Um modestíssimo contributo para a divulgação da bela luta dos professores pela dignidade profissional.

Os professores são modelos para a sociedade. Por extensão e inerência, a sua luta por uma escola pública democrática, uma gestão não-autoritária, uma avaliação profissional honesta e a substituição das políticas destrutivas do Ministério da Educação, é um modelo para todos os cidadãos oprimidos e violentados por este governo dito socialista.

Marcha profs 15Nov (grande)

O emblema (widget, badge, reminder ou o que lhe queiram chamar) aqui em cima foi construído sobre uma imagem vectorial para que possa ser ampliado sem perder qualidade e nitidez usando um editor de imagens ou um software DTP - programas de composição como, por exemplo, o Microsoft Publisher ou o Corel Draw.

Destina-se a chamar a atenção para a jornada de luta e protesto que os professores vão realizar no dia 15 de Novembro.

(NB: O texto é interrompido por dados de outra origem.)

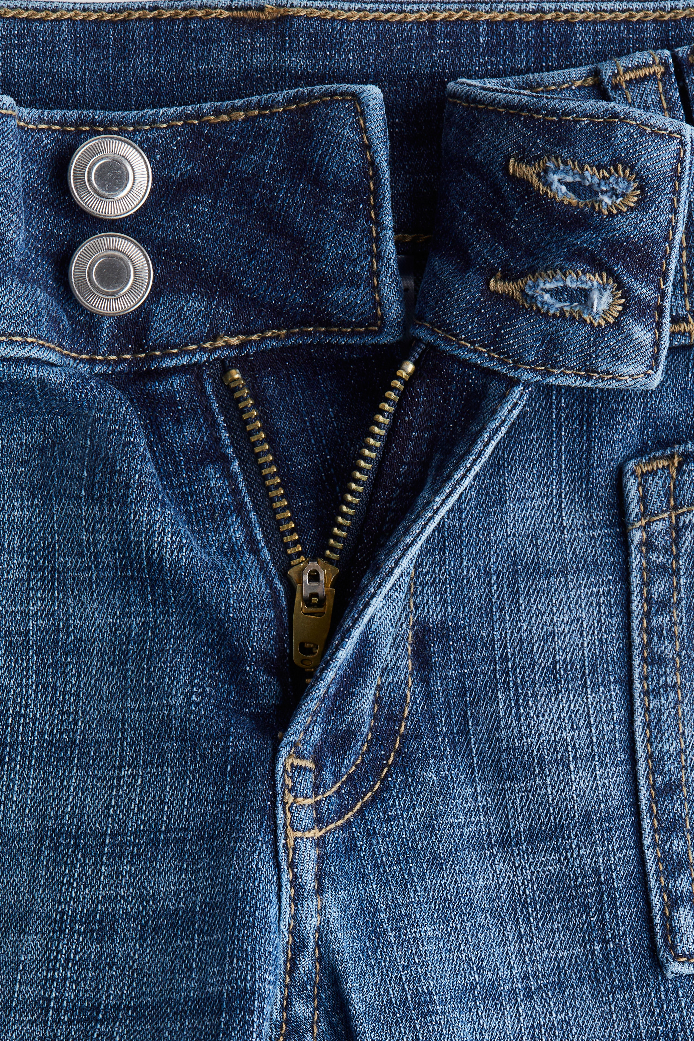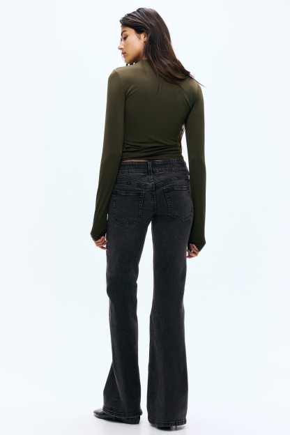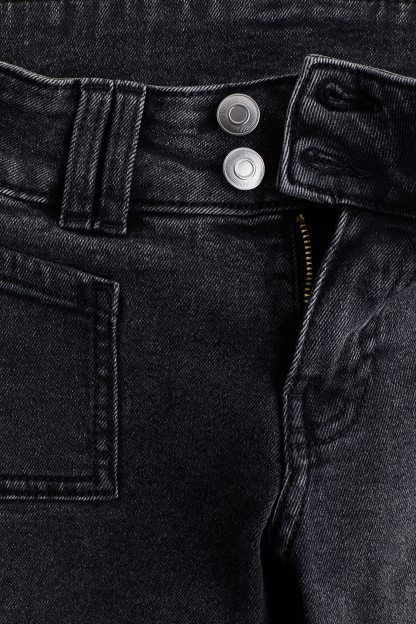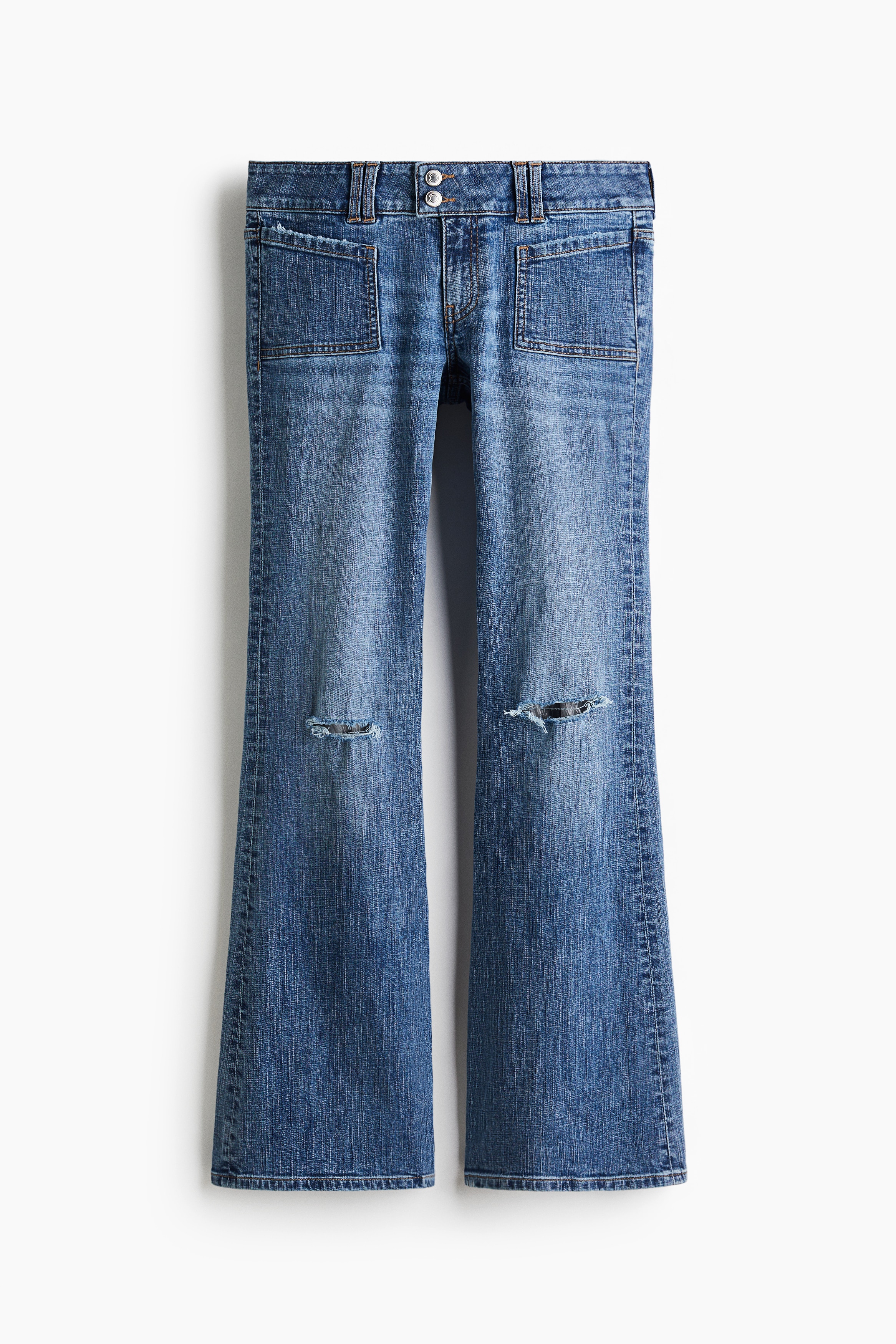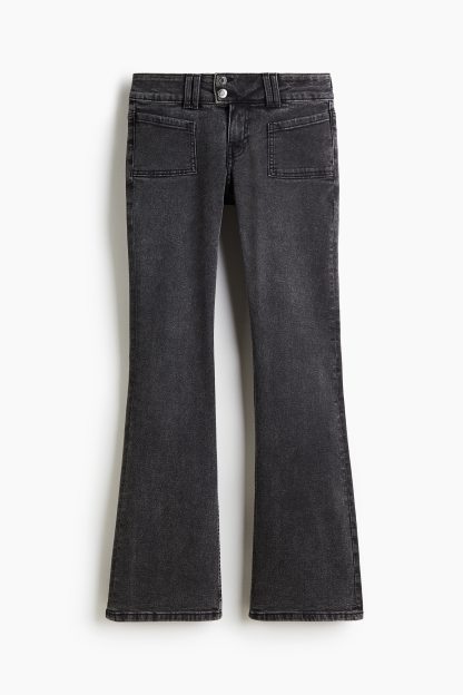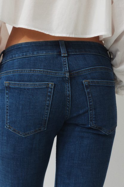 Jeans in denim with a slight stretch for good comfort. Flared leg with a slim fit from the waist to the thigh and a flared cut from the knee to the hem. Low waist with a zip fly and an extended waistband with divs. Front and back pockets. Regular length, designed to hit the top of the foot with little or no stacking. A defining shape from season to season.
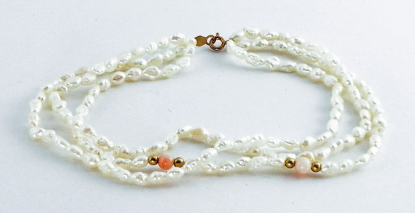 Seed Pearl Bracelet with coral beads 14k Gold clasp 7 in. length

Pode ser colocado em blogues ou sítios e permite uma impressão de alta qualidade em tamanho A4 (testado) e formatos maiores (não testado).

2 Comments:

Anonymous zedeportugal said...

Cara amiga,
No comentário que teve a atenção de deixar lá pelo meu sítio perguntava o que teria eu contra o acordo ortográfico.
Poderia responder-lhe jesuiticamente: - o que tem a minha amiga a favor do dito?
Mas como até já tive ocasião de explicar isso num postal, vou deixar-lhe aqui o linque do referido, desejando que possa ser-lhe esclarecedor da minha posição.

http://umjardimnodeserto.nireblog.com/post/2008/07/23/os-portugueses-ficaram-definitivamente-apatridas

Dito isto, despeço-me à brasileira com o seguinte escrito fonético, a partir do dito de uma amiga minha lá das terras de Santa Cruz, num dia em que a chuva nos pegou de surpresa: - Olha cara, eu vou mi já, qui já pinga.

Eh, eh, eh.

1:19 da manhã  
Anonymous setora said...

Também tenho pelo meu blogue textos na defesa dessa escrita acordada.
E, meu caro, cacofonias também as temos por cá. E as de lá são bem mais doces. Não li ainda o texto que me indica mas, se a sua pátria é a língua (como deduzo do título), veja como ela se alarga se nos aproximarmos de todos os que também a falam. Para que havemos de ser estreitinhos? E já viu mesmo as alterações propostas?